_MATERIAL FOR THIS TASK_
▬▬▬▬▬▬

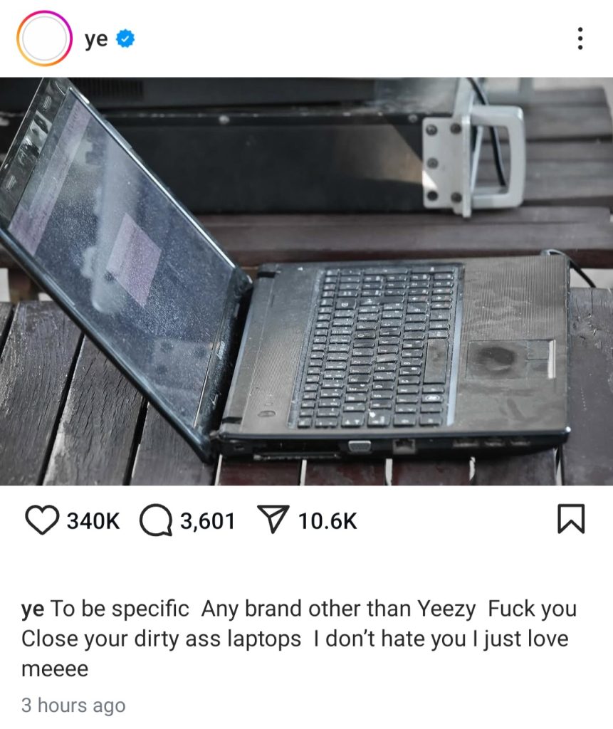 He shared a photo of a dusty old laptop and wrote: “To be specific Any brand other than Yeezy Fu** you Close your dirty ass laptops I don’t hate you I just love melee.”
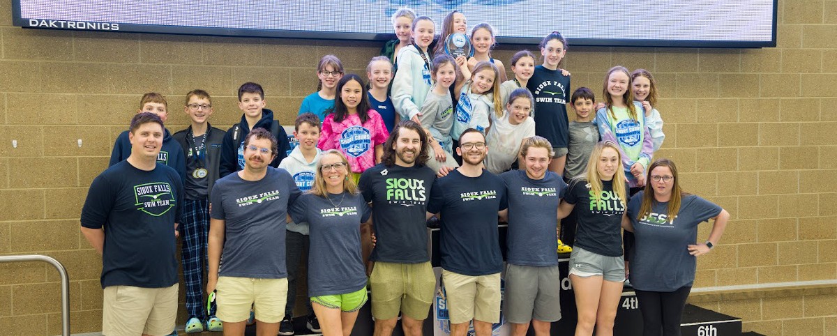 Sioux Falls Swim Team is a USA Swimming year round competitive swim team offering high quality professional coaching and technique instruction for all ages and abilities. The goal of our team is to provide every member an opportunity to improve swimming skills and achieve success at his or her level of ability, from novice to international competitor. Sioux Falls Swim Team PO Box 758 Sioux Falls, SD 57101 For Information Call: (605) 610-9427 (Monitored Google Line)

▬▬▬▬▬▬

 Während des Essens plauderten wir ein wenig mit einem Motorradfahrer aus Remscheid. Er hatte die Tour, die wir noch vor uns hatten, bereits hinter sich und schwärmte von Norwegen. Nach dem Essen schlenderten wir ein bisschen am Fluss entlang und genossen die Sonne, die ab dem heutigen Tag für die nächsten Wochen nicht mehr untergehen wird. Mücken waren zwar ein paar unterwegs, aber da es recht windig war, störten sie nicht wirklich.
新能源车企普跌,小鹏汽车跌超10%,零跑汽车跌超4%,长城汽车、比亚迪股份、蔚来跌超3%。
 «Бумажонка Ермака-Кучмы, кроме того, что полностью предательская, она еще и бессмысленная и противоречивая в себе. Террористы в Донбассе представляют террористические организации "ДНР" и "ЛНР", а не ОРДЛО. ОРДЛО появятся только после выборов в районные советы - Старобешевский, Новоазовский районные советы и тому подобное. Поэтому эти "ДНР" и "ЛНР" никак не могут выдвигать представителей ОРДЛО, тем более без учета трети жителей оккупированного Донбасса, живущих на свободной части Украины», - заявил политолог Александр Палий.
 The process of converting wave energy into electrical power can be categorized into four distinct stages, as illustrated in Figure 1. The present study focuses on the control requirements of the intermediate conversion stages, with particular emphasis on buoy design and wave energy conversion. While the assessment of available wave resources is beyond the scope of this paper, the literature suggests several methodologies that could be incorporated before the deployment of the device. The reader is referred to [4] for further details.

▬▬▬▬▬▬

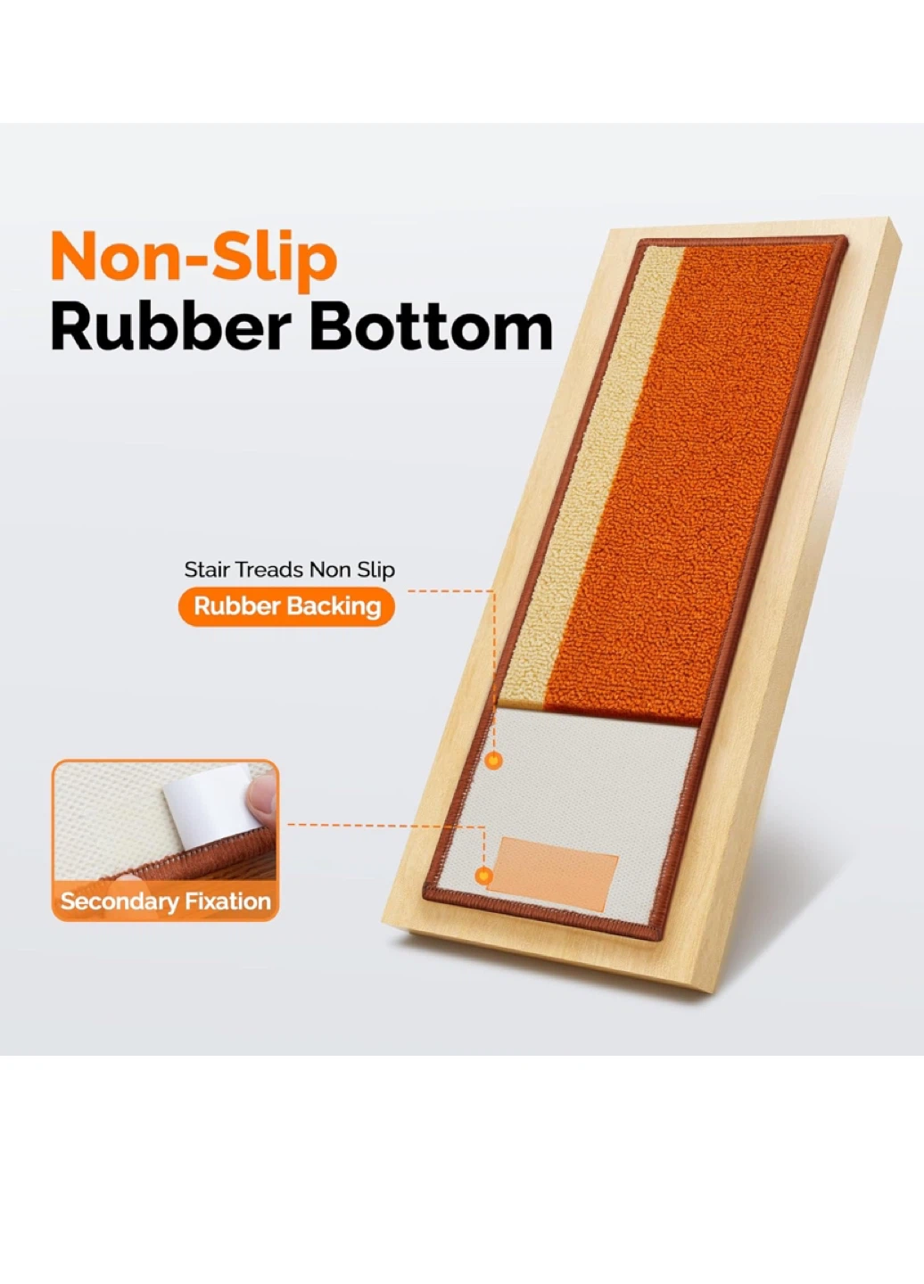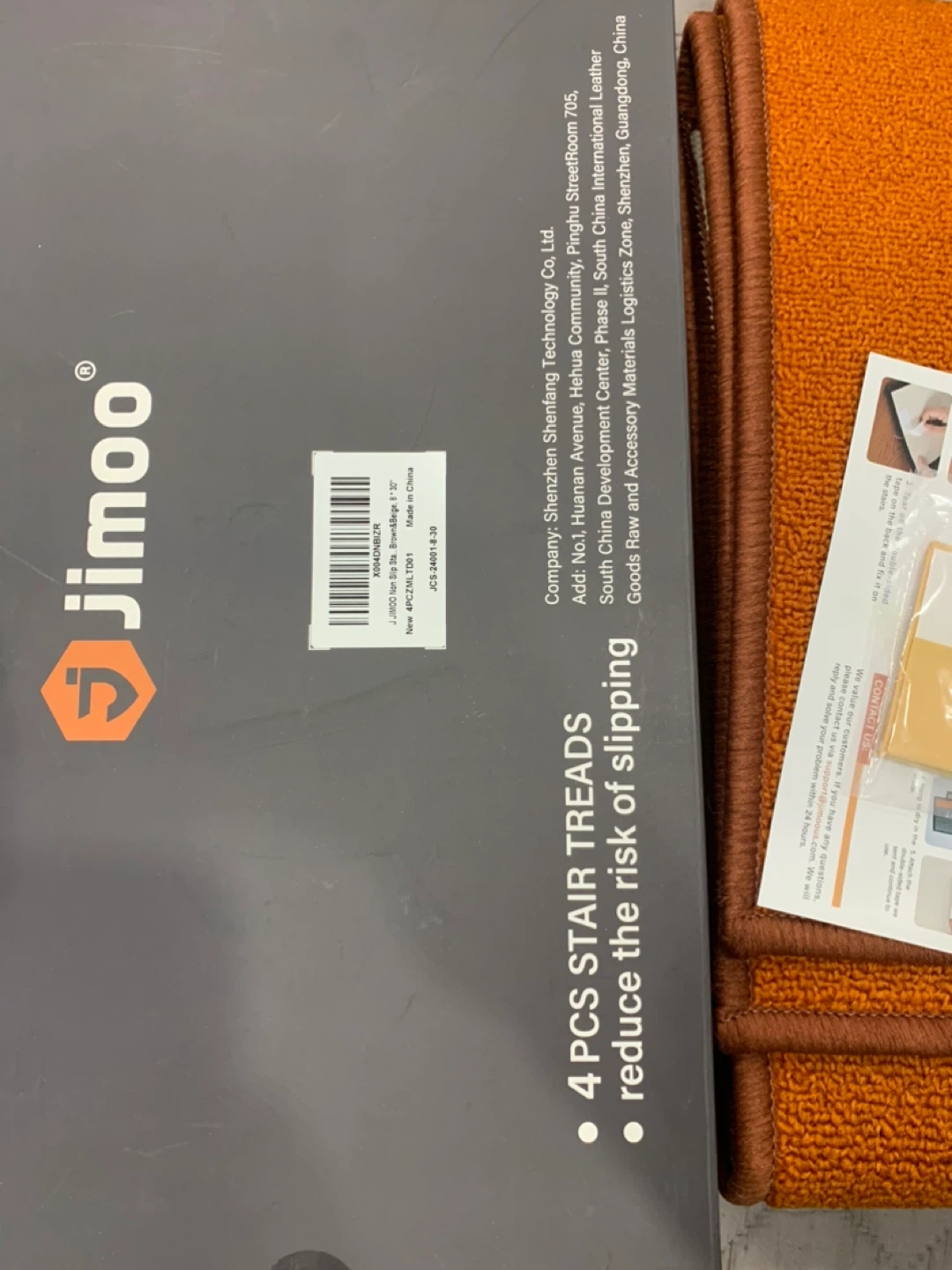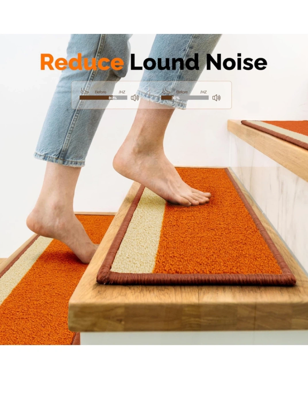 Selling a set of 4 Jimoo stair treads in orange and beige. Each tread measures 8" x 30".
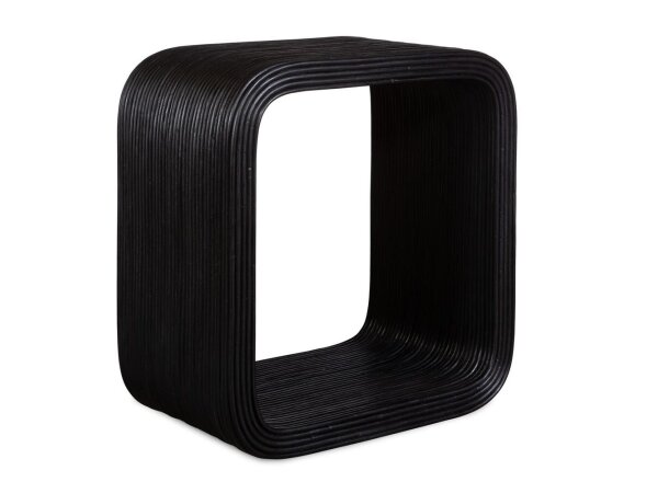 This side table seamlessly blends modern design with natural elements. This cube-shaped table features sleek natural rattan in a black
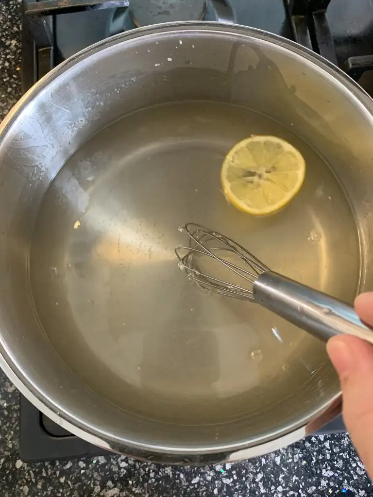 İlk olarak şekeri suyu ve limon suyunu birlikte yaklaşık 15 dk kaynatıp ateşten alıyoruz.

▬▬▬▬▬▬

_WHAT TO PRODUCE_
Your answer should consist of the lines from the line with "политолог Александр Палий." to the line with "The process of" above, repeated exactly, both ends included.

_RESULT BELOW_
 «Бумажонка Ермака-Кучмы, кроме того, что полностью предательская, она еще и бессмысленная и противоречивая в себе. Террористы в Донбассе представляют террористические организации "ДНР" и "ЛНР", а не ОРДЛО. ОРДЛО появятся только после выборов в районные советы - Старобешевский, Новоазовский районные советы и тому подобное. Поэтому эти "ДНР" и "ЛНР" никак не могут выдвигать представителей ОРДЛО, тем более без учета трети жителей оккупированного Донбасса, живущих на свободной части Украины», - заявил политолог Александр Палий.
 The process of converting wave energy into electrical power can be categorized into four distinct stages, as illustrated in Figure 1. The present study focuses on the control requirements of the intermediate conversion stages, with particular emphasis on buoy design and wave energy conversion. While the assessment of available wave resources is beyond the scope of this paper, the literature suggests several methodologies that could be incorporated before the deployment of the device. The reader is referred to [4] for further details.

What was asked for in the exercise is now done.